_Source material:_

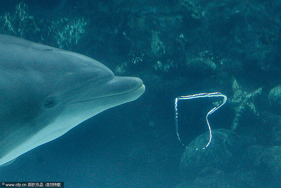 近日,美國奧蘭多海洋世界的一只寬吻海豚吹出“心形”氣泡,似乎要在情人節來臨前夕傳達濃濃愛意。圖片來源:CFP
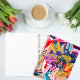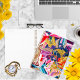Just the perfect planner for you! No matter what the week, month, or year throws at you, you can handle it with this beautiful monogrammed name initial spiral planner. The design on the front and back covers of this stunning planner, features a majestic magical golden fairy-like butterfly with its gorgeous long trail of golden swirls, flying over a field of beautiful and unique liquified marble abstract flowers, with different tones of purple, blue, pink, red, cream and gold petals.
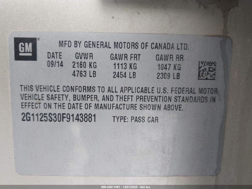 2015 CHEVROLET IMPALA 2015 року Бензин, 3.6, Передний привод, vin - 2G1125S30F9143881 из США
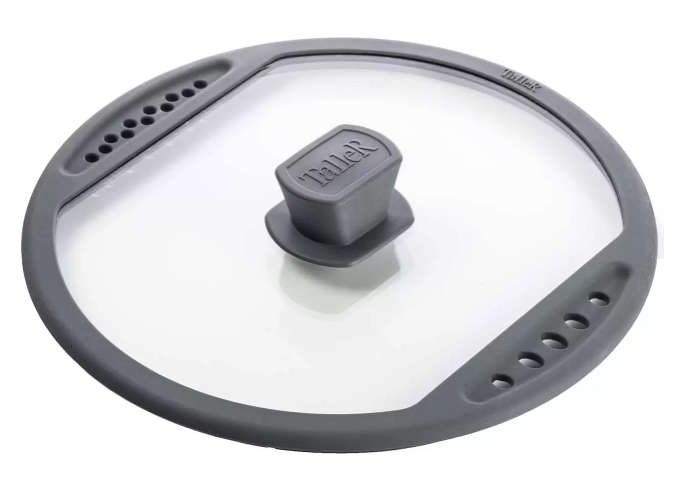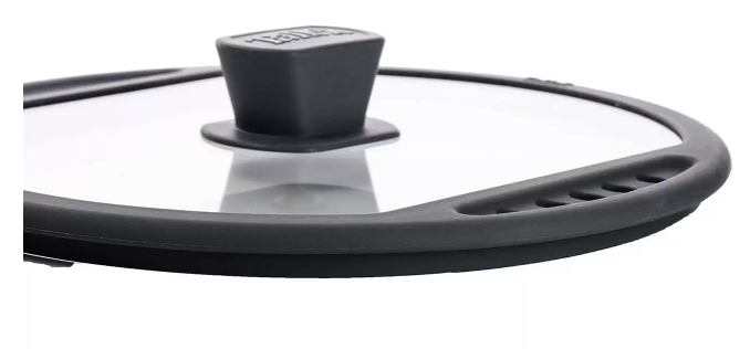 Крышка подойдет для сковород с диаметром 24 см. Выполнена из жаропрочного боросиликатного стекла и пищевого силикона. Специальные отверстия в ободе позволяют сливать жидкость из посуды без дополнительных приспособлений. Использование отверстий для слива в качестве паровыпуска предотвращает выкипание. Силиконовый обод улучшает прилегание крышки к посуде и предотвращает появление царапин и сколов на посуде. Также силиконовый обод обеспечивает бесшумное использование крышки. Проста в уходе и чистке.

_Task objective:_ All the lines above are to be reproduced exactly, except the pictures.

_Problem solution:_
 近日,美國奧蘭多海洋世界的一只寬吻海豚吹出“心形”氣泡,似乎要在情人節來臨前夕傳達濃濃愛意。圖片來源:CFP
Just the perfect planner for you! No matter what the week, month, or year throws at you, you can handle it with this beautiful monogrammed name initial spiral planner. The design on the front and back covers of this stunning planner, features a majestic magical golden fairy-like butterfly with its gorgeous long trail of golden swirls, flying over a field of beautiful and unique liquified marble abstract flowers, with different tones of purple, blue, pink, red, cream and gold petals.
 2015 CHEVROLET IMPALA 2015 року Бензин, 3.6, Передний привод, vin - 2G1125S30F9143881 из США
 Крышка подойдет для сковород с диаметром 24 см. Выполнена из жаропрочного боросиликатного стекла и пищевого силикона. Специальные отверстия в ободе позволяют сливать жидкость из посуды без дополнительных приспособлений. Использование отверстий для слива в качестве паровыпуска предотвращает выкипание. Силиконовый обод улучшает прилегание крышки к посуде и предотвращает появление царапин и сколов на посуде. Также силиконовый обод обеспечивает бесшумное использование крышки. Проста в уходе и чистке.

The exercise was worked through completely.